### [Supplied data]
________

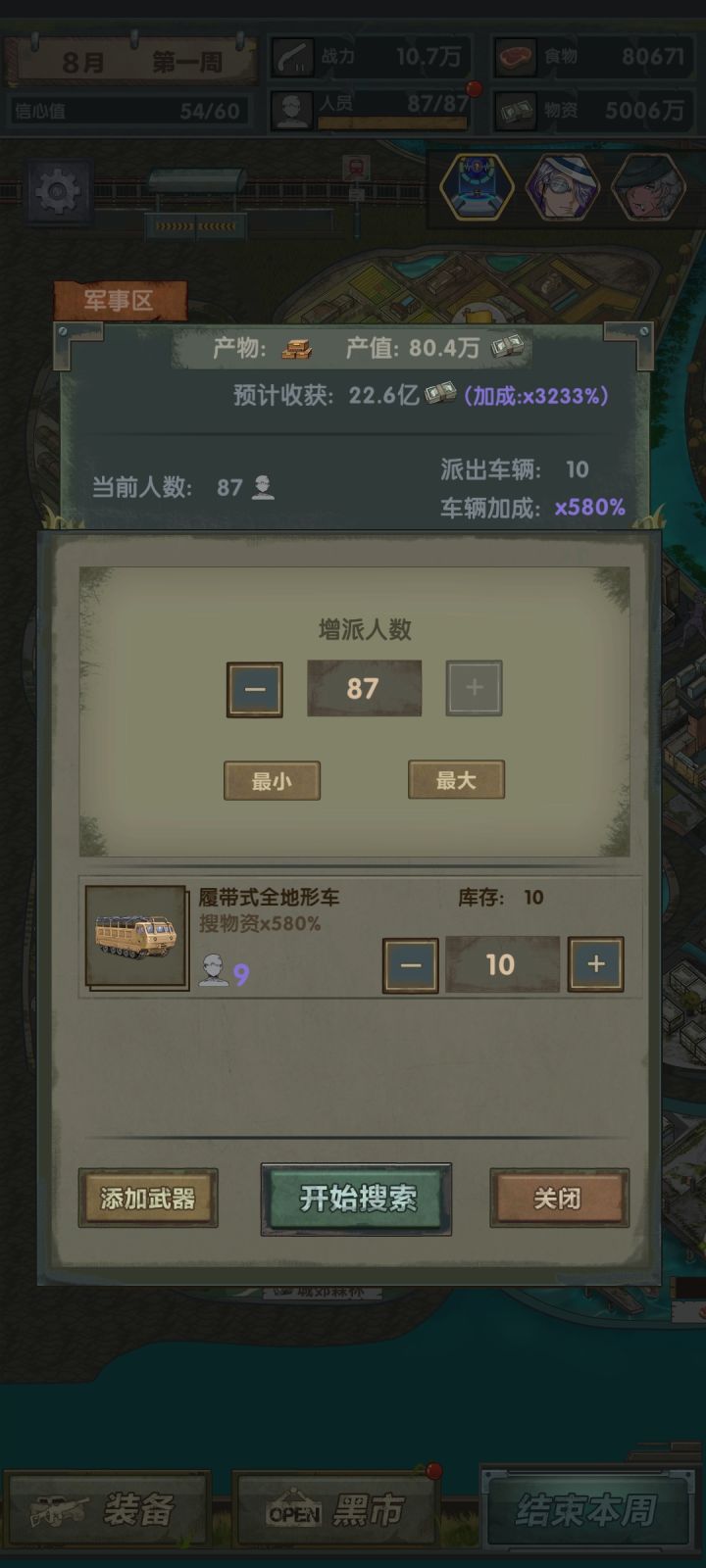 第二月,开局遇到爆米花可以选,sl刷点钱换大亨买食物升级农场和公园,探员继续探,打当前战力最高能搜的,能开安全区就开(之后农场满了留几万食物就可以换掉大亨)
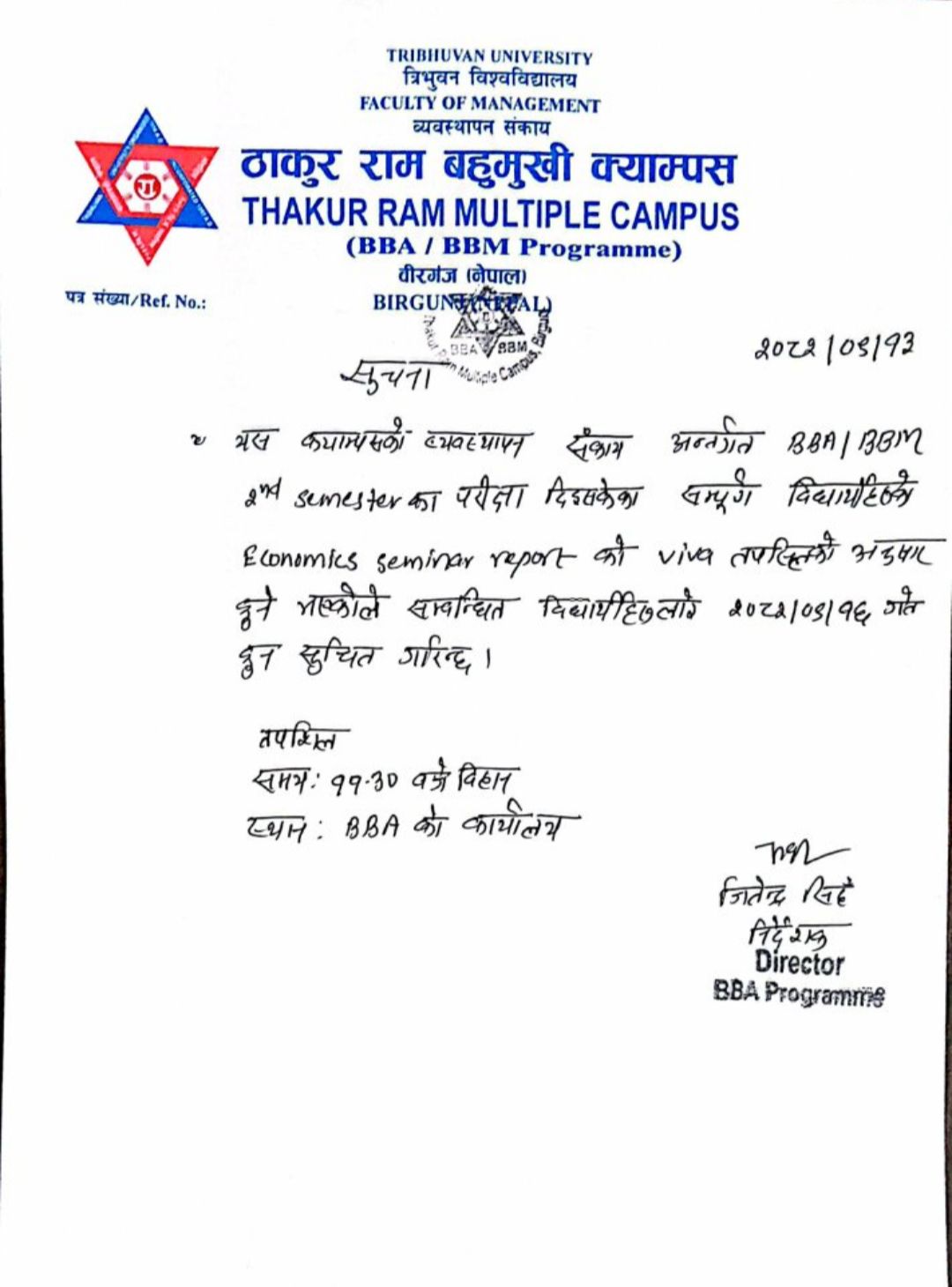 Notice Regarding Viva of BBA/BBM 2nd Semester (Economics Seminar Report)
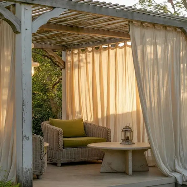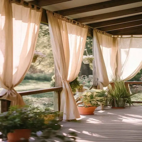 We offer both light-filtering curtains for an airy balcony vibe and waterproof heavy ones for more privacy and shade.
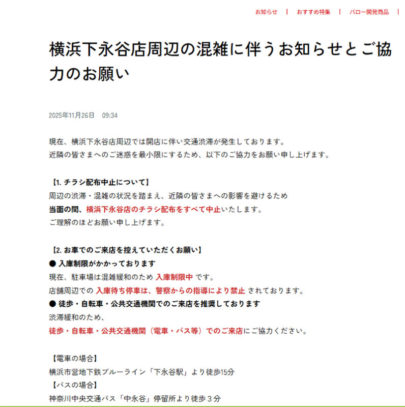 横浜下永谷店周辺の混雑に伴うお知らせとご協力のお願い

________

Each line from the one containing "Notice Regarding Viva" through the last line of the listing must be copied exactly, and the pictures must not be.

 Notice Regarding Viva of BBA/BBM 2nd Semester (Economics Seminar Report)
 We offer both light-filtering curtains for an airy balcony vibe and waterproof heavy ones for more privacy and shade.
 横浜下永谷店周辺の混雑に伴うお知らせとご協力のお願い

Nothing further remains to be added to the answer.